(Exercise requirements) Print the line containing "Bronze Ball Wheel, 50mm" and all lines after it to the end of the records below, exactly as written. No pictures.

(Source data)
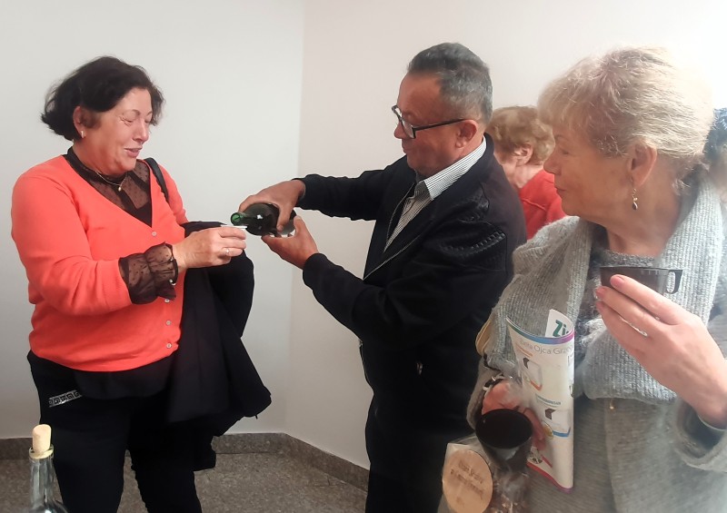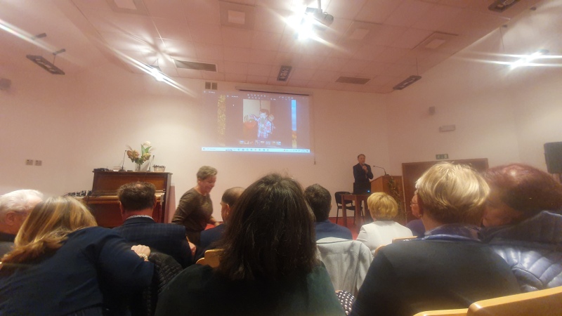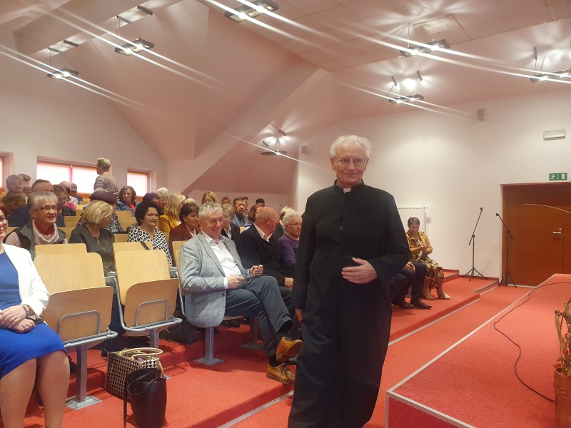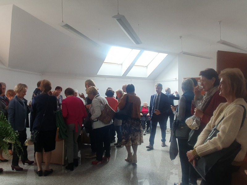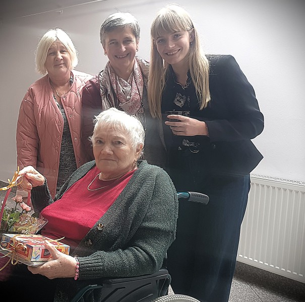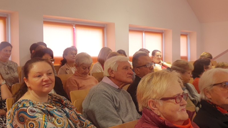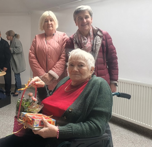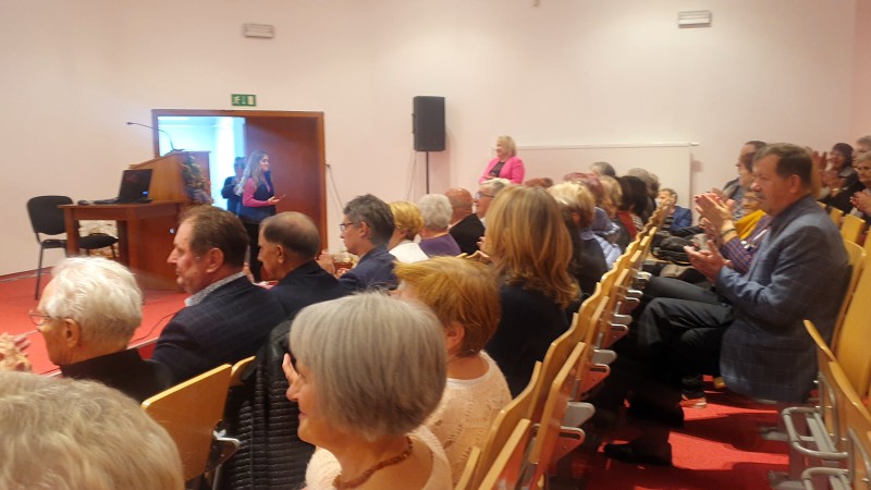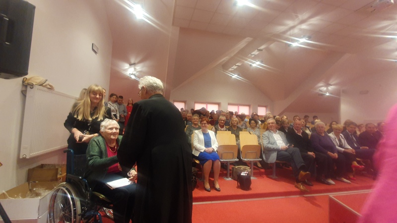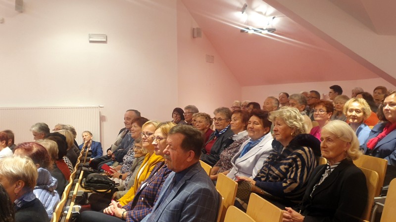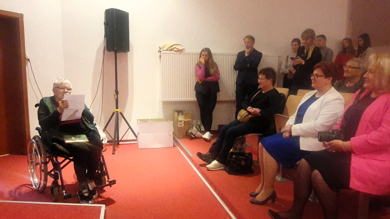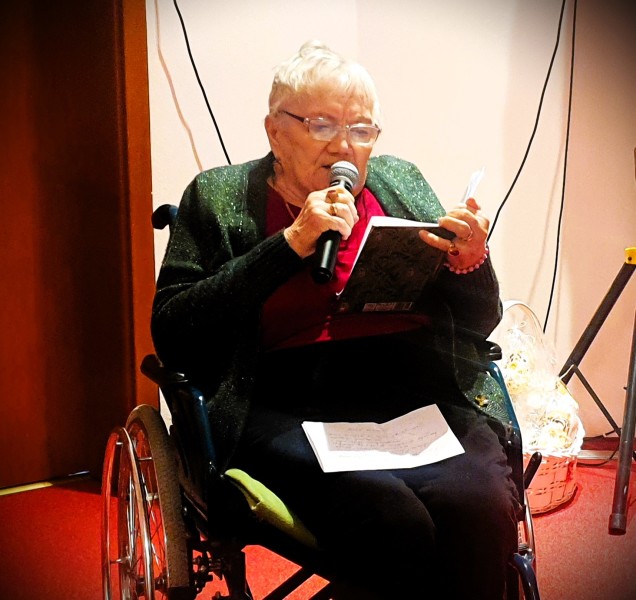 Jest już tradycją, że na spotkaniach Seniorów swoimi okolicznościowymi wierszami dzieli się Pani Maria Juszczyk , emerytowana nauczycielka języka polskiego oraz poetka. Więcej o Poetce  pisałam na portalu  z okazji Jej benefisu poetyckiego w 2019 roku. Materiał zamieszczam poniżej. Pani Maria, choć zmuszona jest do korzystania z wózka inwalidzkiego, nadal jest pogodna, uśmiechnięta.  Jej byli wychowankowie już umówili się z Nią na następne spotkanie klasowe.
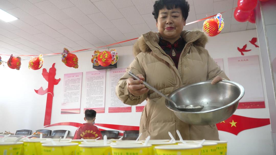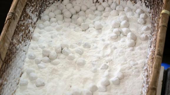 一块块元宵馅料在簸箕中“打滚翻飞”
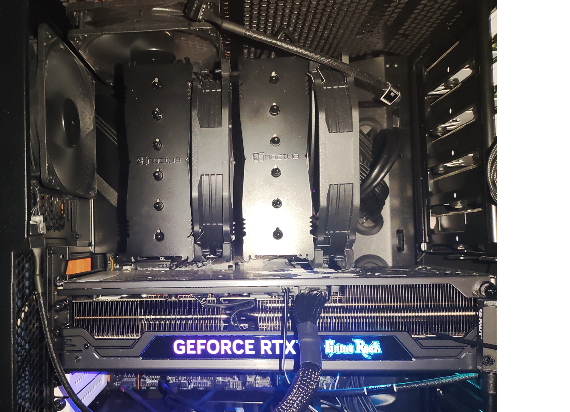 С процессором я определился заранее – обзоры Intel Core i7-13700KF показали, что брать для игр стоит именно его. Что же касается системы охлаждения – я не слишком люблю СЖО, поскольку они более непредсказуемы, чем воздушные кулеры, и чаще требуют внимания и обслуживания. Поэтому, не мудрствуя лукаво, я выбрал надежный и проверенный вариант – Noctua NH-D15 Chromax.Black с комплектом креплений под 1700 сокет. Скажу сразу: в разгоне хотя бы до 5.5 ГГц по P-ядрам он уже не держит «тринадцать тысяч семисотый» в LinX или Prime95. В играх стабильность сохраняется, но я решил зафиксировать частоты на 5.3/4.2 ГГц (Ring 4.5, LLC 4) при относительно невысоком напряжении в 1.35В – производительности и так хватает. Кулер при этом в играх работает достаточно тихо, играет свою роль и шумоизоляция корпуса. Вертушки я ставил обе, но одну слегка приподнял, чтобы влезли модули памяти.
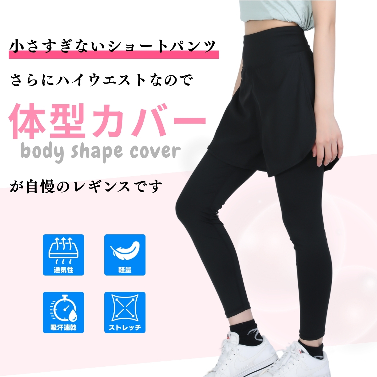 ショートパンツ付きレギンス 一体型 レギンス レディース スマホポケット付き ランニングウェア ランニングパンツ 夏 春 フィットネス タイツ レギパン
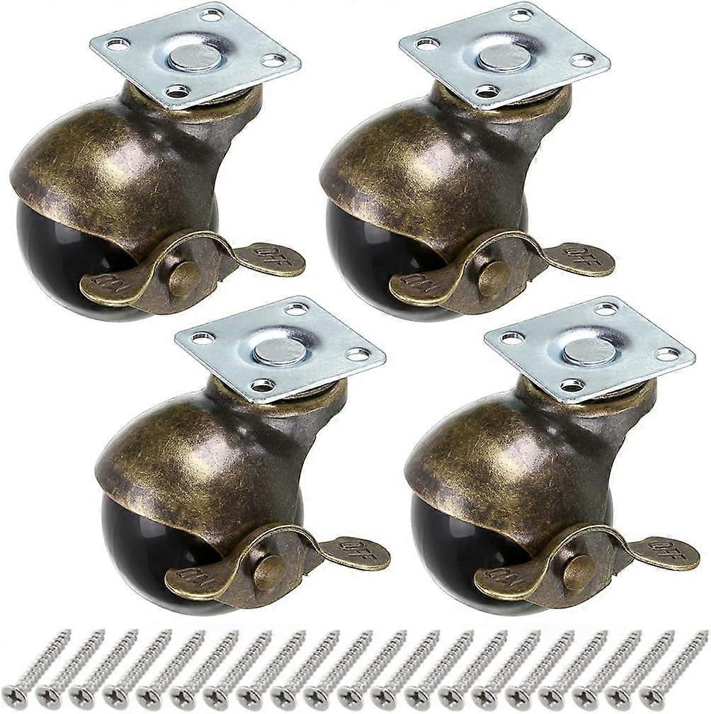 Bronze Ball Wheel, 50mm Ball Casters, Rounded Ball Casters with Brake, Replacement for Furniture, Sofas, Chairs, Cabinets, 4 Pcs
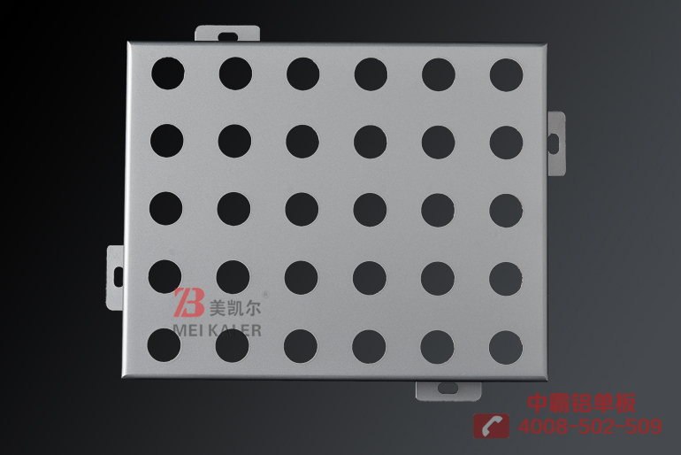 沖孔鋁單板是在具有氟碳涂層的優(yōu)質(zhì)高強度鋁合金板材的基礎(chǔ)上通過沖孔技術(shù)形成不同形狀的現(xiàn)代建筑材料,其具有普通建筑材料的無法比擬的抗腐蝕性和耐候性,能抗酸雨、鹽霧和各種空氣污染物,耐冷熱性能極好,能有效抵御強烈的紫外線照射,并且能長期保持產(chǎn)品不褪色、不粉化,使用壽命長等等的優(yōu)良性能 。
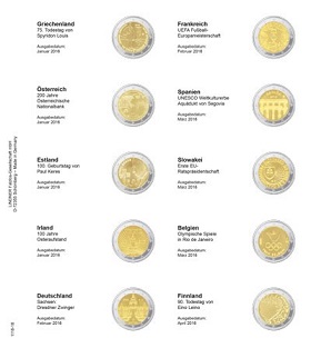 Lindner Vordruckblatt 2 EURO Nr. 1118-18 Gedenkmünzen ab Griechenland 2016-Finnland 2016
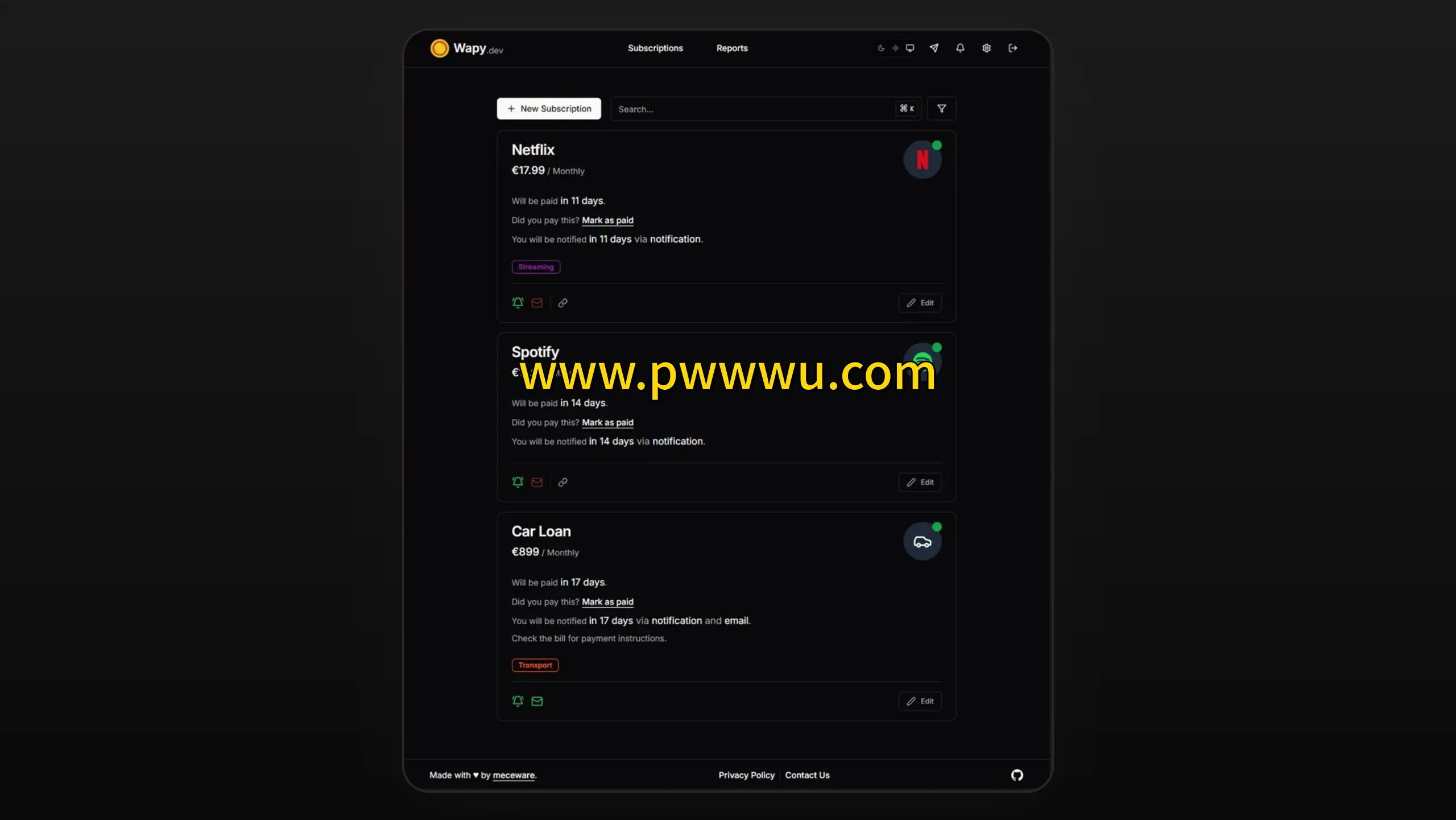 Wapy.dev 是一款专注于费用管理的开源应用,能够帮助用户追踪各类订阅服务的支付周期。当订阅即将到期时,它会主动发送提醒通知。
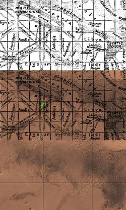 One way the surface of Mars has been categorized, is by thirty "quadrangles", with each quadrangle named for a prominent physiographic feature within that quadrangle.[10][11]

(Output)
 Bronze Ball Wheel, 50mm Ball Casters, Rounded Ball Casters with Brake, Replacement for Furniture, Sofas, Chairs, Cabinets, 4 Pcs
 沖孔鋁單板是在具有氟碳涂層的優(yōu)質(zhì)高強度鋁合金板材的基礎(chǔ)上通過沖孔技術(shù)形成不同形狀的現(xiàn)代建筑材料,其具有普通建筑材料的無法比擬的抗腐蝕性和耐候性,能抗酸雨、鹽霧和各種空氣污染物,耐冷熱性能極好,能有效抵御強烈的紫外線照射,并且能長期保持產(chǎn)品不褪色、不粉化,使用壽命長等等的優(yōu)良性能 。
 Lindner Vordruckblatt 2 EURO Nr. 1118-18 Gedenkmünzen ab Griechenland 2016-Finnland 2016
 Wapy.dev 是一款专注于费用管理的开源应用,能够帮助用户追踪各类订阅服务的支付周期。当订阅即将到期时,它会主动发送提醒通知。
 One way the surface of Mars has been categorized, is by thirty "quadrangles", with each quadrangle named for a prominent physiographic feature within that quadrangle.[10][11]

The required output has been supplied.